Because of co-response’s quiet development, Emack said that CPD’s involvement in negotiating CARE’s call responses formed a “conflict of interest.”
“Community Safety can’t expand without the blessing, for lack of a better word, from the police department,” Emack said.
“You have this conflict of interest, because they’re growing and doing similar work while also at the same time stunting the CSD’s ability to grow,” he added.
‘Undermining The Work of the Community Safety Department’
Concerns about the overlap between the CARE and co-response teams — and the effect that such overlap would have on the work of both CSD and the police department — have been voiced to city leadership for months.
Councilor Patricia M. “Patty” Nolan ’80 expressed her concerns in a December email to Huang, the City Manager, after CPD released a video highlighting the co-response team, which featured a social worker in a bulletproof vest.
“I was distressed and disappointed to see that there was no mention of CARE, and other resources for people to call if in need of mental health,” Nolan wrote. “For the video to show only staff in bullet proof vests and the social worker accompanied by an officer in uniform goes against all the work we have done to ensure that 911 and 988 and other calls where a police officer is not warranted will be sent to CARE - or HEART.”
Nolan further requested that “CPD be asked to be more collaborative in addressing the need for the city to respond to mental health and other calls.”
In an emailed response, Huang acknowledged an “underlying tension” between CSD and CPD over the police department’s “commitment to do this kind of work well,” in an apparent reference to the police department’s clinical support efforts.
CARE is eligible to respond to a set list of call codes, including needle pickups, wellness checks, and nonviolent mental health calls. Co-response — which sits as a unit within the police department — can dispatch to any police call.
Out of a list of 191 partially redacted 911 calls directed to co-response between August and December 2024, nearly 10 percent were calls eligible for a CARE response.
“I would hope that the police is fully supportive of it, and I am concerned that it’s been a very slow rollout,” Nolan said in an interview. “There’s a number of emergency calls that are not going to CARE that I believe should be going to CARE.”

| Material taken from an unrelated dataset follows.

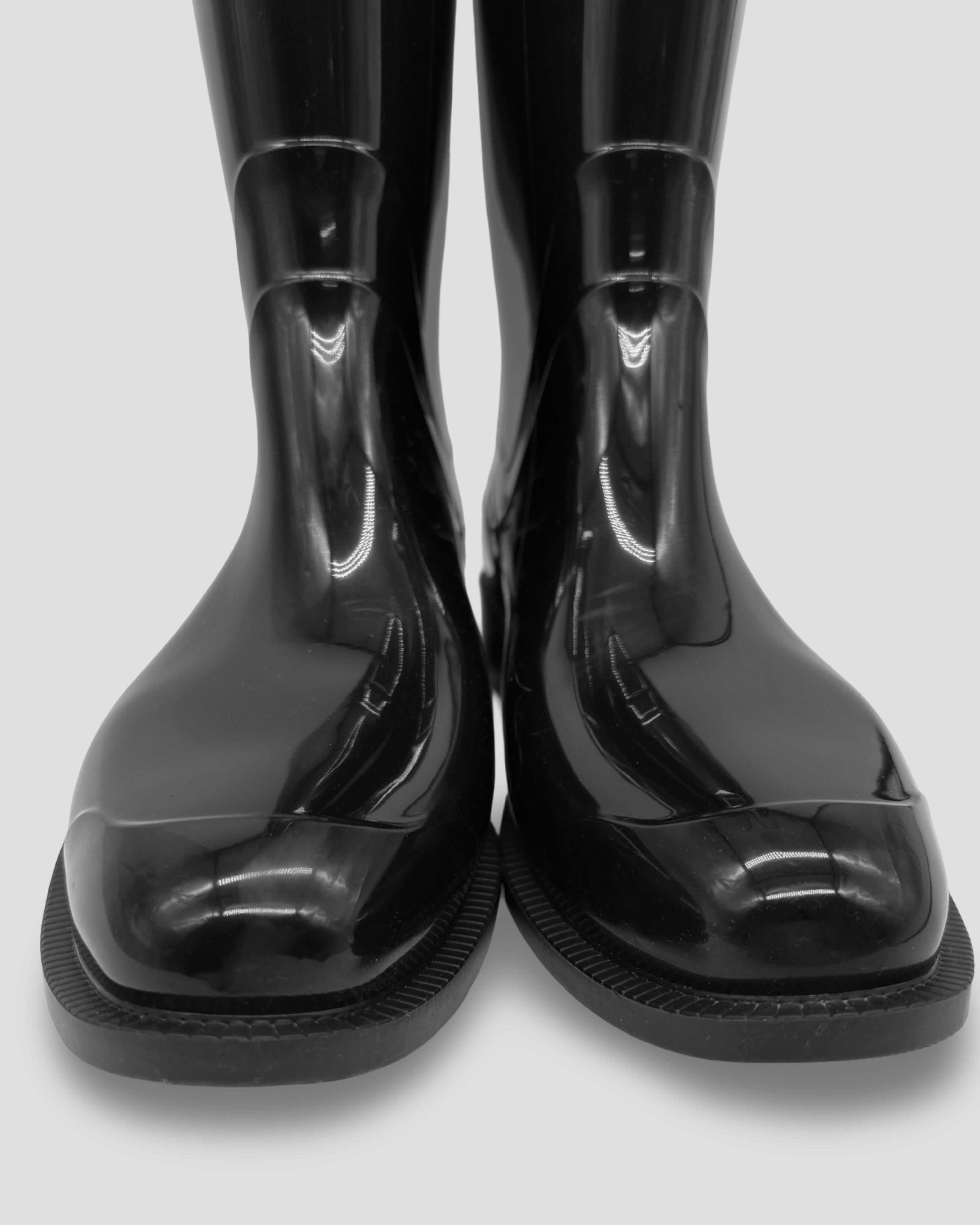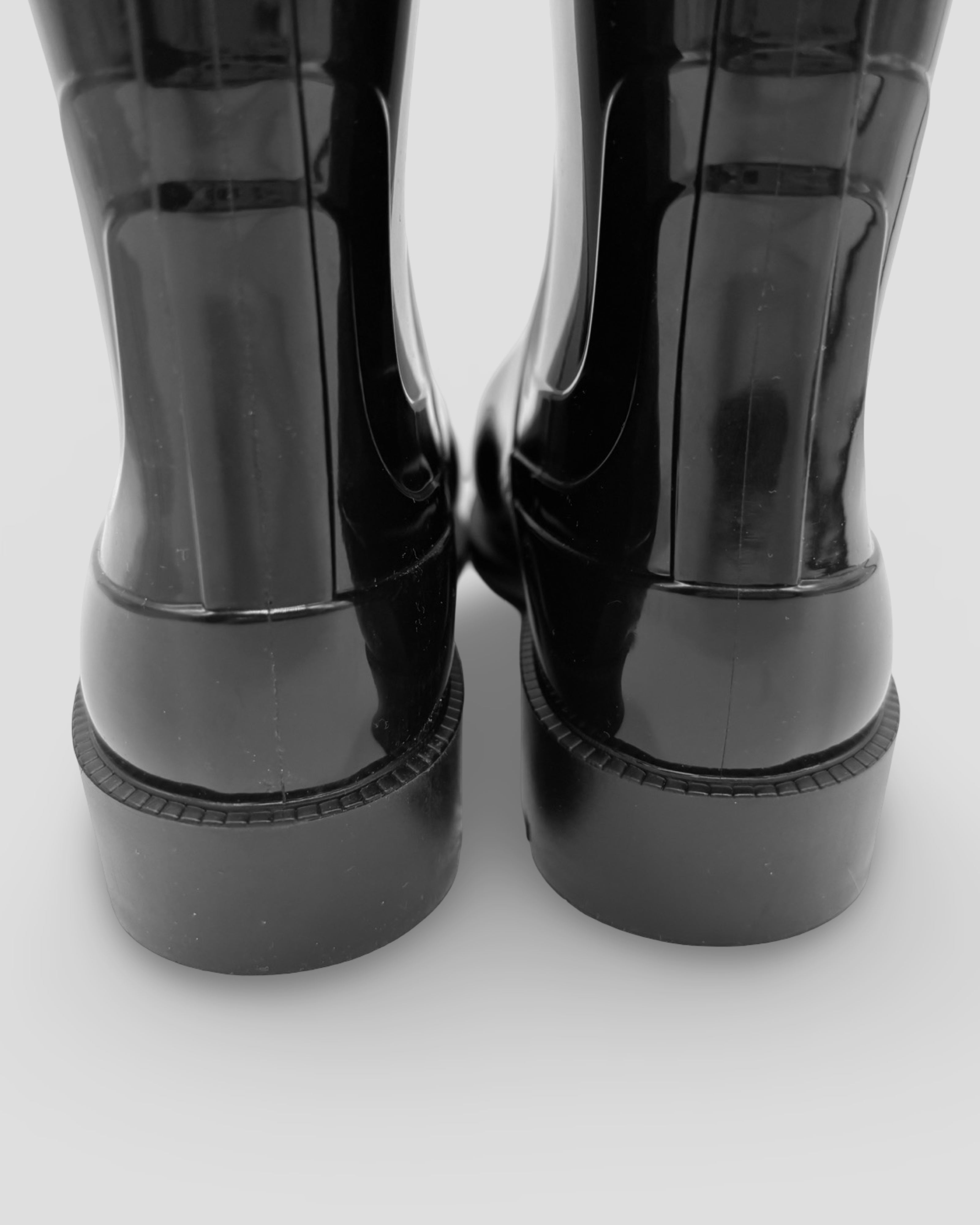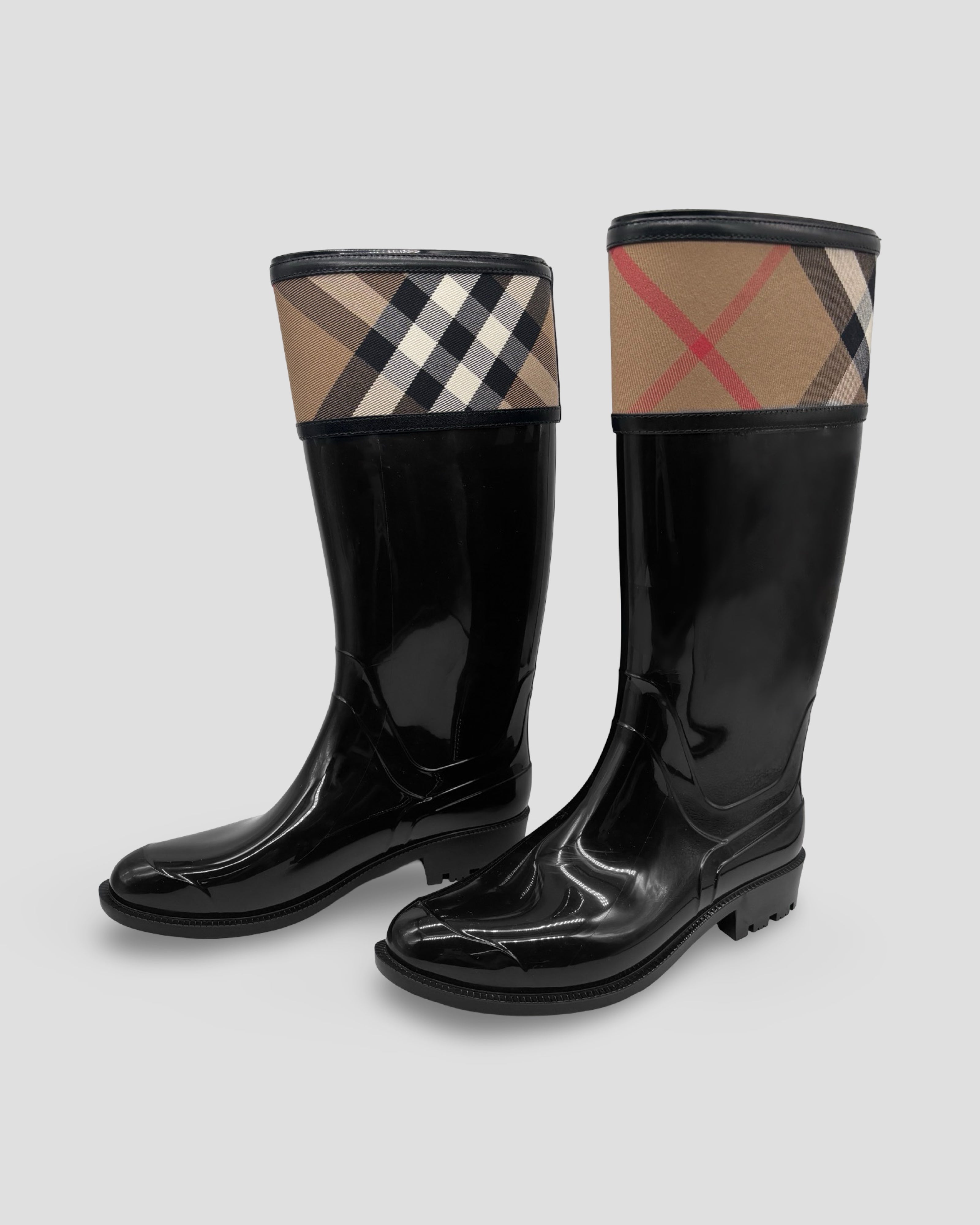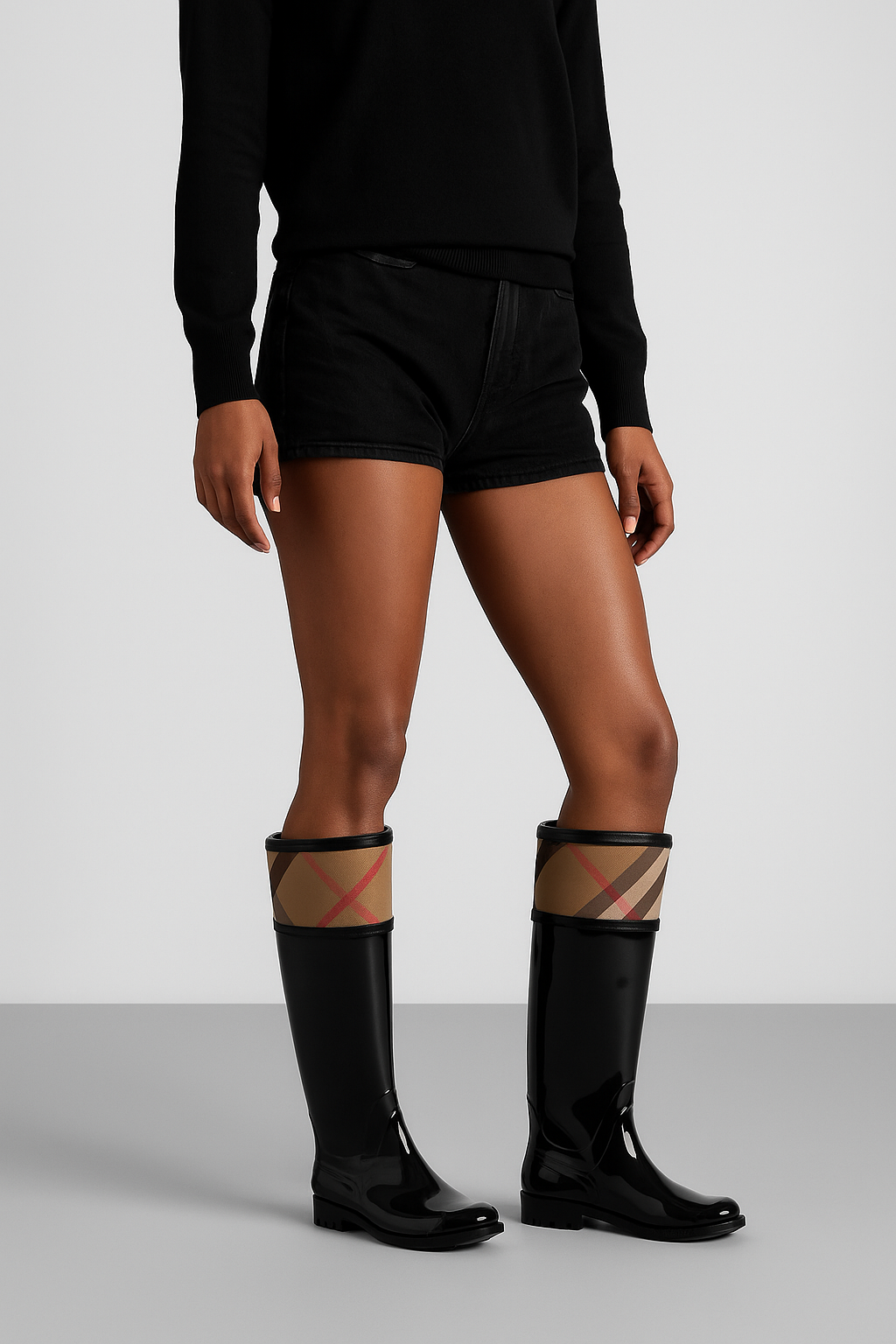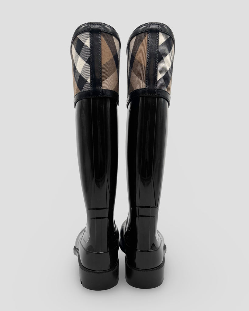 - Mid calf rain boots made of rubber and plaid printed cotton

Emack recognized that Cambridge’s extensive network of unarmed response options requires a “compromise” between CSD’s CARE and CPD’s co-response.

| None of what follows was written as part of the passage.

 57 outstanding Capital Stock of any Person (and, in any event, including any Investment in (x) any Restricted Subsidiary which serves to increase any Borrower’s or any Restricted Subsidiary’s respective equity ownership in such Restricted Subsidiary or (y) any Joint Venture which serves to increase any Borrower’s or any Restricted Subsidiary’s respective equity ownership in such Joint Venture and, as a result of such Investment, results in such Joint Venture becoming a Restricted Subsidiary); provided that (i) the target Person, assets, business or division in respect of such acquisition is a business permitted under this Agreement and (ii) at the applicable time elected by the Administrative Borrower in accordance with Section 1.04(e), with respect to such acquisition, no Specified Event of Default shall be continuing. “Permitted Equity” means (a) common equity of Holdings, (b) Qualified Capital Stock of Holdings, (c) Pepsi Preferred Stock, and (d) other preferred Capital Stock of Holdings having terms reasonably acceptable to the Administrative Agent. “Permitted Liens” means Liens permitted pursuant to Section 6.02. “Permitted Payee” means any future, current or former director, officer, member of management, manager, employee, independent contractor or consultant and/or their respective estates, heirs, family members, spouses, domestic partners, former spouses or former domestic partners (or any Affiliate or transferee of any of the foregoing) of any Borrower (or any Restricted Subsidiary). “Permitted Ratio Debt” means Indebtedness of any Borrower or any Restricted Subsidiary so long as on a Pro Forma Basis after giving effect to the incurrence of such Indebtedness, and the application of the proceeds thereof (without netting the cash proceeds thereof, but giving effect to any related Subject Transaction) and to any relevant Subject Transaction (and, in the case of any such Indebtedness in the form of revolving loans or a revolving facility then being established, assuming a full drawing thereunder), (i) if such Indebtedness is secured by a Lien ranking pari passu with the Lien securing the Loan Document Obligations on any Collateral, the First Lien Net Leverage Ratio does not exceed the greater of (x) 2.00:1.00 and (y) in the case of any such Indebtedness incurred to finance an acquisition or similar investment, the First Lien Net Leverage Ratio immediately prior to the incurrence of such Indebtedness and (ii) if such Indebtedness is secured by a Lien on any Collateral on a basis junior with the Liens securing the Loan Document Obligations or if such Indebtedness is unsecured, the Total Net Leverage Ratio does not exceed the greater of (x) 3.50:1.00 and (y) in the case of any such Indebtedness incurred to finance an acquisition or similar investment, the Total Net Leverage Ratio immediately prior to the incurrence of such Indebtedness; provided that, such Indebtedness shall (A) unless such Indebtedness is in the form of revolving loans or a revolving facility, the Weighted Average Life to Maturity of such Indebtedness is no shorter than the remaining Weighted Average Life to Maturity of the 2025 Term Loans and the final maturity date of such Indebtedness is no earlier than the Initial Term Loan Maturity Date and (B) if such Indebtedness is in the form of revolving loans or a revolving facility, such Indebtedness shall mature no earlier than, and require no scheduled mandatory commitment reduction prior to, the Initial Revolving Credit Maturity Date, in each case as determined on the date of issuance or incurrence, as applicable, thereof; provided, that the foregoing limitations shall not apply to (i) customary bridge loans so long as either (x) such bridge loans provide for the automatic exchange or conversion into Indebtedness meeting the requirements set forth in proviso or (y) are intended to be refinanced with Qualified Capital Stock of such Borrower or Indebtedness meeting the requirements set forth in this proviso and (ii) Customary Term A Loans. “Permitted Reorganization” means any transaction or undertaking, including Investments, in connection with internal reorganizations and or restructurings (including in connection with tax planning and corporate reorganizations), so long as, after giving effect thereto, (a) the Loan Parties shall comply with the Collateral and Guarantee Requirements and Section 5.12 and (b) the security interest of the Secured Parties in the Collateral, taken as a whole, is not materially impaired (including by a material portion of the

“But I think in order to honor that compromise, community safety has to exist with the ability to grow and expand and ultimately be given the space to try and fail,” Emack added.
Warnick wrote in a statement that Cambridge is committed to providing support to both initiatives.
“The priority is helping and supporting those in our community who need it most – to best accomplish this, the approaches to best and safely do so can vary,” he wrote.
Samuel M. Gebru, a Tufts University professor who served on the initial steering committee for the CSD, said he did not “assume malicious intent on the police department’s part.” But he noted that the overlap between both teams may come at the expense of CSD.
“Whether the police department realizes it or not, they are indeed undermining the work of the Community Safety Department,” Gebru added.
For some CSD affiliates, hope for CARE’s growth may be stifled by a potential increase in co-response’s resources.
“Even if the police and community safety are getting along, hypothetically, the nature of their work and their overlap is going to cause concerns for who gets money and who gets funding,” Emack, the CSD consultant, said.
Meanwhile, CPD officials indicate that co-response also intends to expand. Both Cabral, the superintendent, and Barrett, the clinical support services director, said that they hoped to expand co-response to run “16 hours a day, five days a week.”
But Warnick, the city spokesperson, defended the existence of both teams in an emailed statement.
“Having these types of valuable resources – with very specialized skills and training — provides an opportunity to help the City of Cambridge enhance its overall outreach for our most vulnerable community members,” he wrote.